# Snow Leopard — Facts, Threats & Conservation

*Panthera uncia*

> A snow leopard (Panthera uncia) is a large wild cat native to the high mountains of Central and South Asia, recognised by its pale grey rosette-patterned coat and very long tail, and listed as Vulnerable on the IUCN Red List.

**IUCN status:** Vulnerable (downlisted from Endangered in 2017) — but fewer than 3,400 mature adults remain  ·  **WARN range:** Pakistan

## Quick facts
| Fact | Value |
| --- | --- |
| Lifespan | ~10–12 years in the wild; up to ~20 years in captivity |
| Weight | ~25–55 kg (about 55–120 lb) |
| Body length | ~90–120 cm head and body, plus an 80–100 cm tail |
| Diet | Carnivore — wild sheep and goats (blue sheep, ibex, markhor, argali), marmots, hares, game birds |
| Gestation | ~90–100 days |
| Young per birth | Usually 1–3 cubs |
| Baby name | Cub |
| Vocalisation | Cannot roar — chuffs, mews and growls instead |
| Range | 12 countries of Central and South Asia, including Pakistan |
| CITES | Appendix I (commercial international trade banned) |

## Scientific classification
- **Kingdom:** Animalia
- **Phylum:** Chordata
- **Class:** Mammalia
- **Order:** Carnivora
- **Family:** Felidae
- **Subfamily:** Pantherinae
- **Genus:** Panthera
- **Species:** Panthera uncia (Schreber, 1775)

## Conservation status
- **Status:** Vulnerable
- **Population:** ~7,400–8,000 individuals total; 2,710–3,386 mature adults (IUCN). Figures are uncertain — only a small fraction of the range has been reliably surveyed.
- **Trend:** Decreasing
- **Assessed:** 2017 assessment (downlisted from Endangered); retained as Vulnerable in current IUCN Red List
- **CITES:** Appendix I
- The 2017 move from Endangered to Vulnerable is contested by some specialists who argue the data are too sparse to justify downlisting. Pakistan is estimated to hold roughly 200–420 snow leopards, concentrated in its northern mountains.
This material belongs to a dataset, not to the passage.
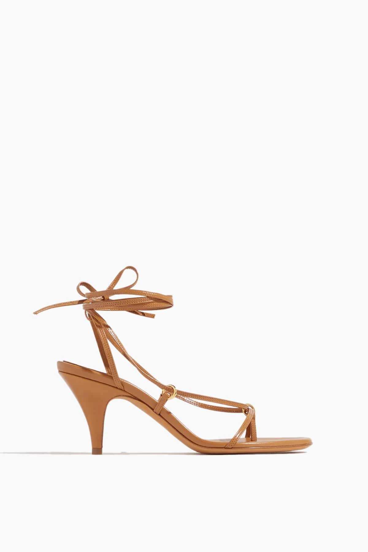 Debuting with Khaite’s Pre-Fall collection’s wardrobe of intuition, this streamlined sandal is designed to be in dialogue with the lines and curves of its wearer. A graceful web of leather laces secured by gleaming gold-toned rings secures the foot and loops around the ankle. Exquisite Italian craftsmanship is revealed in the impeccable construction, which includes a refined toe post, tonal topstitching, and a leather insole.

## Key facts: Snow Leopard
- The snow leopard (Panthera uncia) is a high-altitude big cat of Central and South Asia, not a true subtype of the common leopard despite the shared name.
- The IUCN lists it as Vulnerable; it was downlisted from Endangered in 2017, a decision some scientists still contest given how little of its range has been reliably surveyed.
- Fewer than about 3,400 mature adults are estimated to survive, and the population trend is decreasing.
- Unlike lions and tigers, snow leopards cannot roar; their throat anatomy produces chuffs, mews and growls instead.
- Its enormous tail — almost as long as its body — aids balance on cliffs and wraps around the body as a built-in scarf in sub-zero cold.
- In northern Pakistan, retaliatory killing after livestock losses is a leading threat, making community coexistence work central to the cat's survival.

## Why the snow leopard is threatened
The snow leopard is classified as Vulnerable by the IUCN, with a decreasing population trend and fewer than 3,400 mature adults estimated across its range. It was moved from Endangered to Vulnerable in 2017 because surveys suggested the global decline was slower than once feared, but the change remains debated: only a tiny fraction of the species' rugged range has ever been sampled with reliable methods, so all global figures carry real uncertainty. Threats are stacking up rather than easing. Wild prey such as blue sheep and ibex are being squeezed by competition with domestic herds and by poaching, pushing cats toward livestock. Retaliatory and opportunistic killing, the illegal trade in pelts and bones, infrastructure pushing into mountain valleys, and a warming climate shifting the treeline upward all chip away at habitat that is already naturally sparse and slow to recover.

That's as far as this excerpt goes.